**Exercise data:**
------
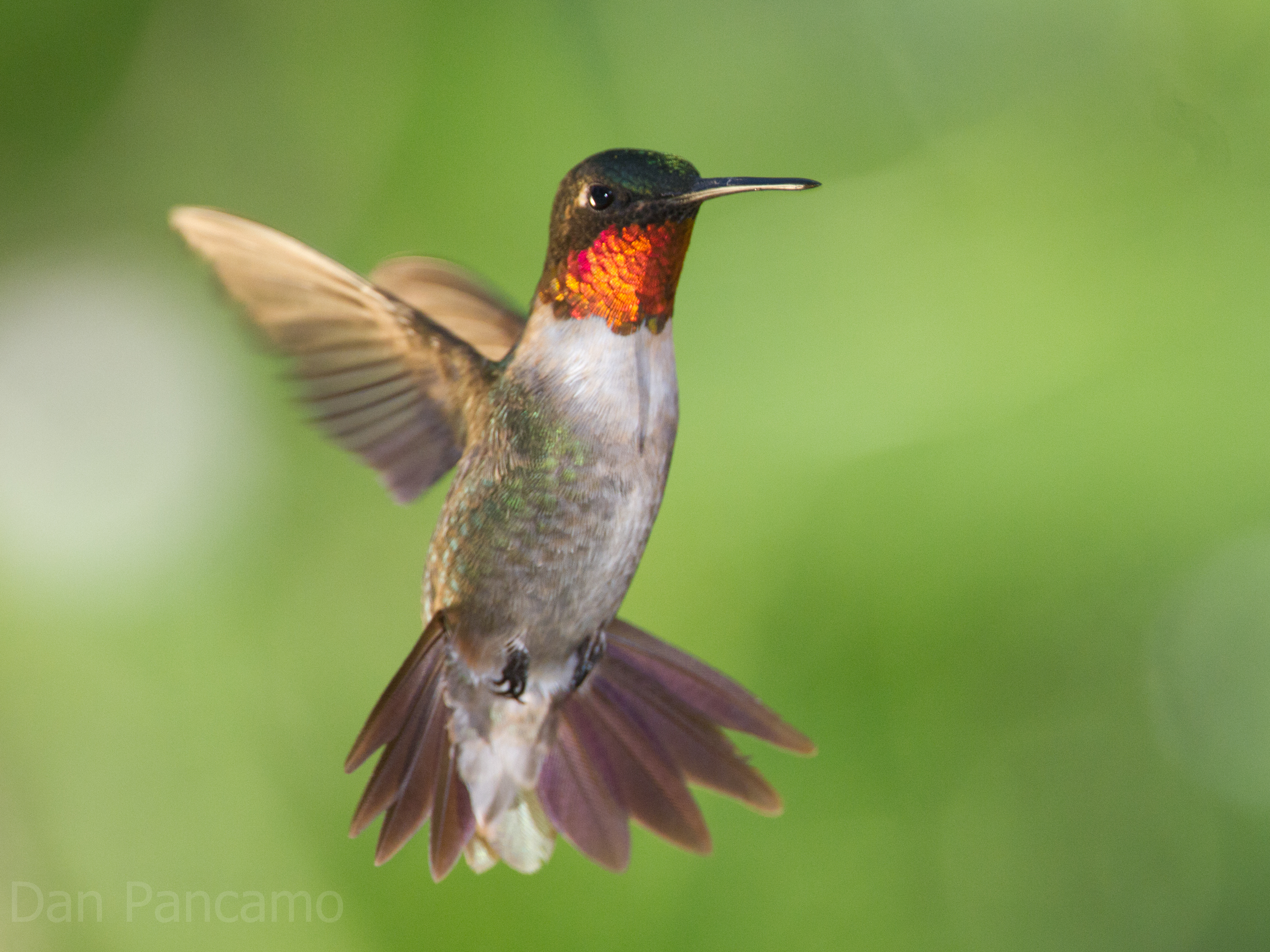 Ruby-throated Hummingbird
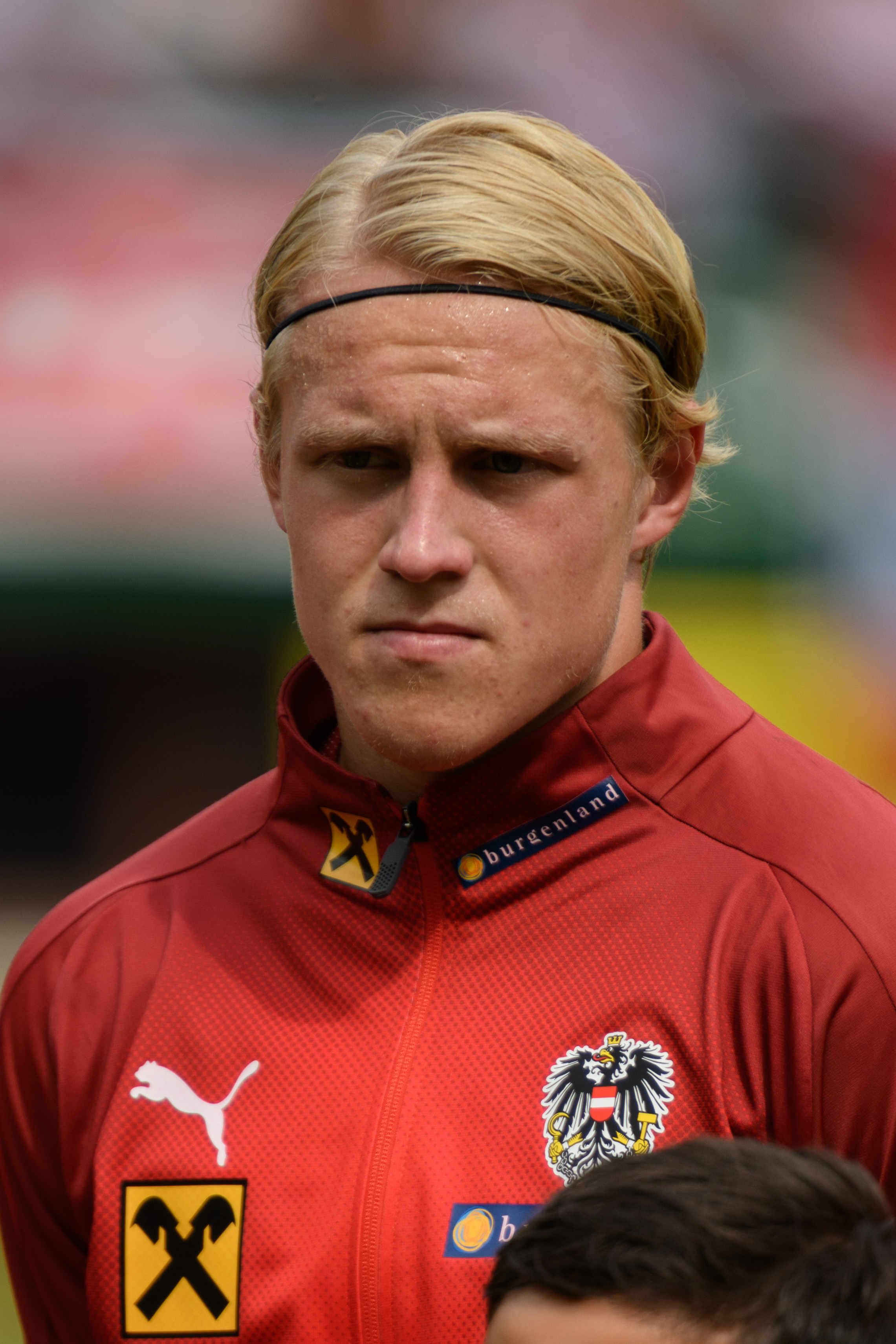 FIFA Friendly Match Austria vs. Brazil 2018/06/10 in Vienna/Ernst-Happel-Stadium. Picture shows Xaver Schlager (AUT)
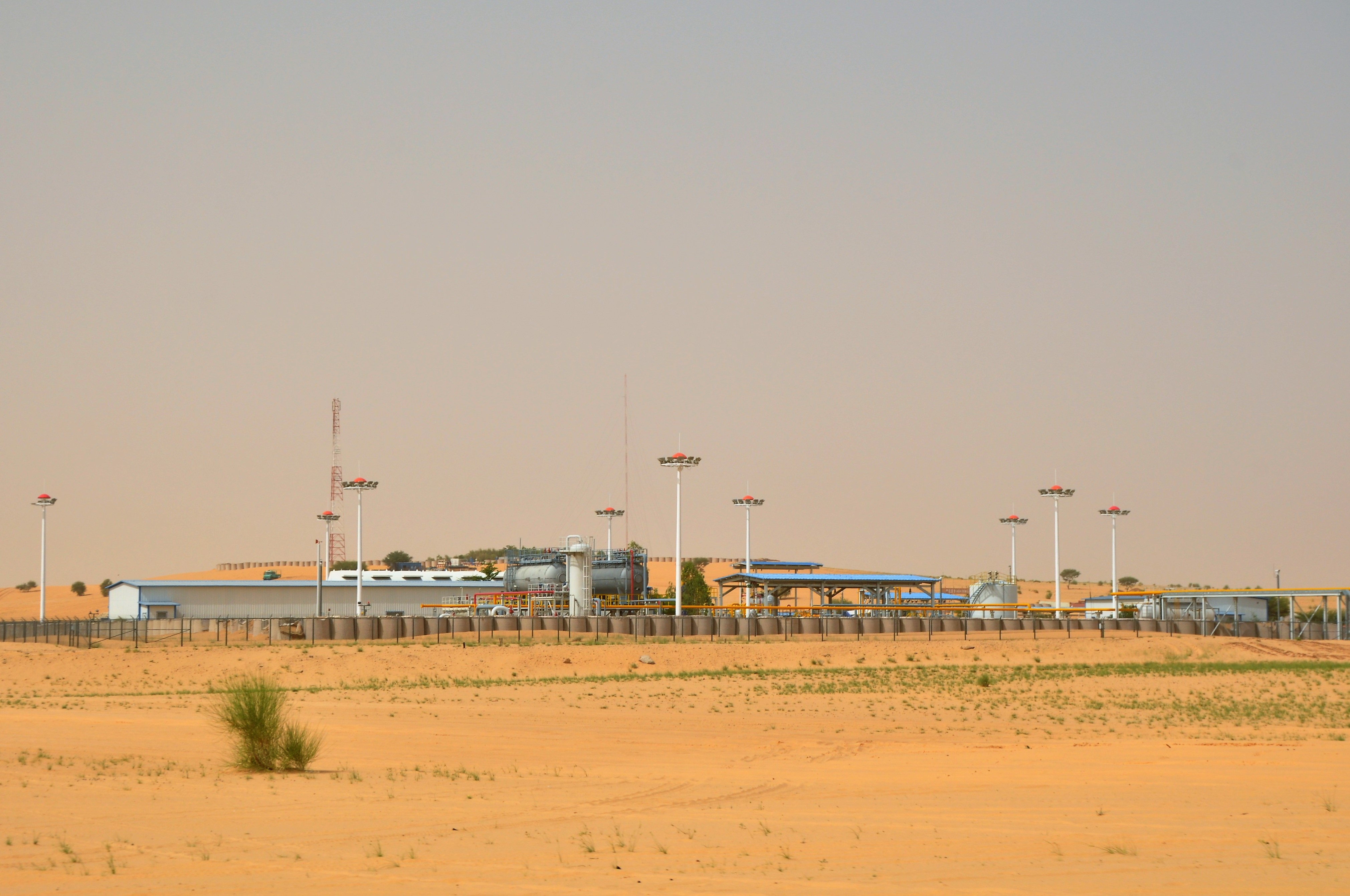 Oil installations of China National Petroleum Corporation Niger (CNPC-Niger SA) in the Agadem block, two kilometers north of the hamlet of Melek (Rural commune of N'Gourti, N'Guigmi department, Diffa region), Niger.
------
**Exercise description:**
Please print all the data above word for word. Pictures should not appear in the copy.

**Exercise solution:**
 Ruby-throated Hummingbird
 FIFA Friendly Match Austria vs. Brazil 2018/06/10 in Vienna/Ernst-Happel-Stadium. Picture shows Xaver Schlager (AUT)
 Oil installations of China National Petroleum Corporation Niger (CNPC-Niger SA) in the Agadem block, two kilometers north of the hamlet of Melek (Rural commune of N'Gourti, N'Guigmi department, Diffa region), Niger.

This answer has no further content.